The probability that both events $E$ and $F$ occur is $0.42$.

Quantity A |
$\;\;\;\;\;\;\;\;\;\;\;\;\;\;\;\;\;\;\;\;\;\;\;\;\;\;\;\;\;\;\;\;\;\;\;\;\;\;\;\;\;\;\;\;\;\;\;\;\;\;\;\;\;\;\;\;\;\;\;\;\;$ | Quantity B |

$\;\;\;\;\;\;\;\;\;\;\;\;\;\;\;\;\;\;\;\;\;\;\;\;\;\;\;\;\;\;\;\;\;\;\;\;\;\;\;\;\;\;\;\;\;\;\;\;\;\;\;\;\;\;\;\;\;\;\;\;\;$ | ||

The probability that event $E$ will occur | $\;\;\;\;\;\;\;\;\;\;\;\;\;\;\;\;\;\;\;\;\;\;\;\;\;\;\;\;\;\;\;\;\;\;\;\;\;\;\;\;\;\;\;\;\;\;\;\;\;\;\;\;\;\;\;\;\;\;\;\;\;$ | $0.58$ |

- Quantity A is greater.
- Quantity B is greater.
- The two quantities are equal.
- The relationship cannot be determined from the information given.

So, you were trying to be a good test taker and practice for the GRE with PowerPrep online. Buuuut then you had some questions about the quant section—specifically question 6 of Section 6 of Practice Test 1. Those questions testing our knowledge of **Probability** can be kind of tricky, but never fear, PrepScholar has got your back!

## Survey the Question

Let’s search the problem for clues as to what it will be testing, as this will help shift our minds to think about what type of math knowledge we’ll use to solve this question. Pay attention to any words that sound math-specific and anything special about what the numbers look like, and mark them on our paper.

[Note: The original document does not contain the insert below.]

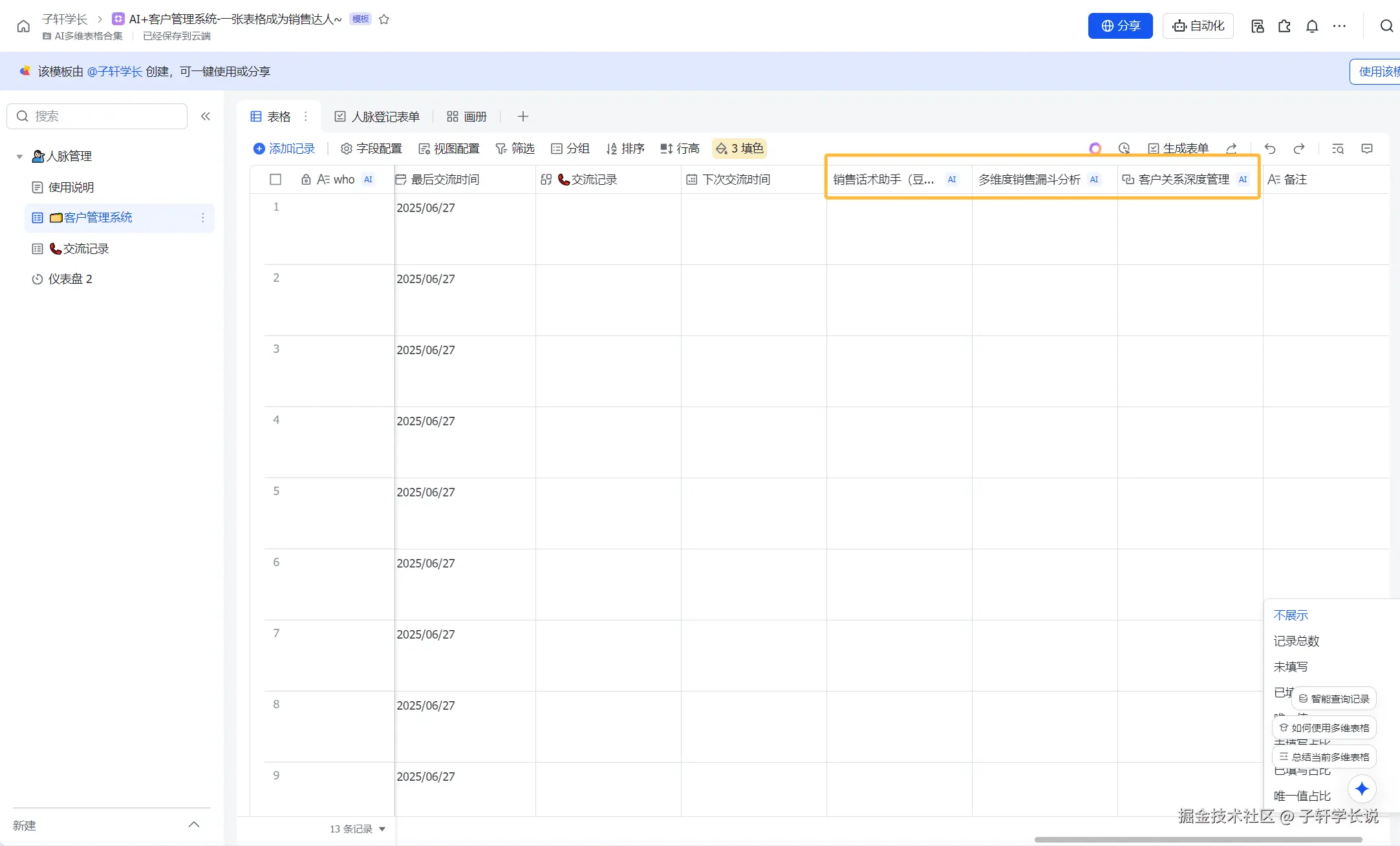 前两天豆包1.6模型升级之后,增加了识图,深度思考,识别视频的能力,于是我在升级了 【人脉管理】 模版之后,又想着单独再制作一个针对客户管理的表格。

Since the question asks for a **probability**, it *probably* tests our knowledge of the **Probability** math skill for the GRE. Let’s keep what we’ve learned about this skill at the tip of our minds as we approach this question.

## What Do We Know?

Let’s carefully read through the question and make a list of the things that we know.

- We know the probability that both events $E$ and $F$ occur is $0.42$
- We want to compare the probability of $E$ occurring to the value $0.58$

## Develop a Plan

We’re given a **joint** probability between two events, which is the probability that $E$ and $F$ *both* occur.

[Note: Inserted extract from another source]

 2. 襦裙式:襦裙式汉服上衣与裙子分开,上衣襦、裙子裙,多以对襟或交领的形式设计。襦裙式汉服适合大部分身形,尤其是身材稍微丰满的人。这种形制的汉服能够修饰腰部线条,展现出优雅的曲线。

As an example, this is like telling us that the probability of us Eating enchiladas AND Feeding on fish this evening is $0.42$. This tells us that *at a minimum* the probability for each individual event here is $0.42$. After all, for the two events to happen together, each one of them MUST happen. However, this does not place an upper limit on the probability of a single event occurring here. For example, we could have a probability of Eating enchiladas of $0.42$ and a probability of Feeding on fish of $1$, and the probability of both events occurring would still be $0.42$. On the other hand, we could have a probability of Eating enchiladas of $1$ and a probability of Feeding on fish of $0.42$, and the probability of both events occurring would still be $0.42$. So in essence, we know that the probability for event $E$ is somewhere between $0.42$ and $1$, inclusive.

## Solve the Question

Well, we’ve determined that Quantity A must be between $0.42$ and $1$. This means that Quantity A could be less than $0.58$, equal to $0.58$, or even greater than $0.58$. We need more information to know for sure. So **the correct answer is D, the relationship cannot be determined from the information given**.

## What Did We Learn

We definitely needed to be careful here. The $0.58$ was a somewhat curious number, as we know that the probabilities for all possible events must sum up to $1$, and $0.42+0.58=1$. This just goes to show that it is important to *read these questions carefully* and not just rely on coincidental numerical relationships. Otherwise we’ll *probably* fall into a clever wrong answer trap on test day.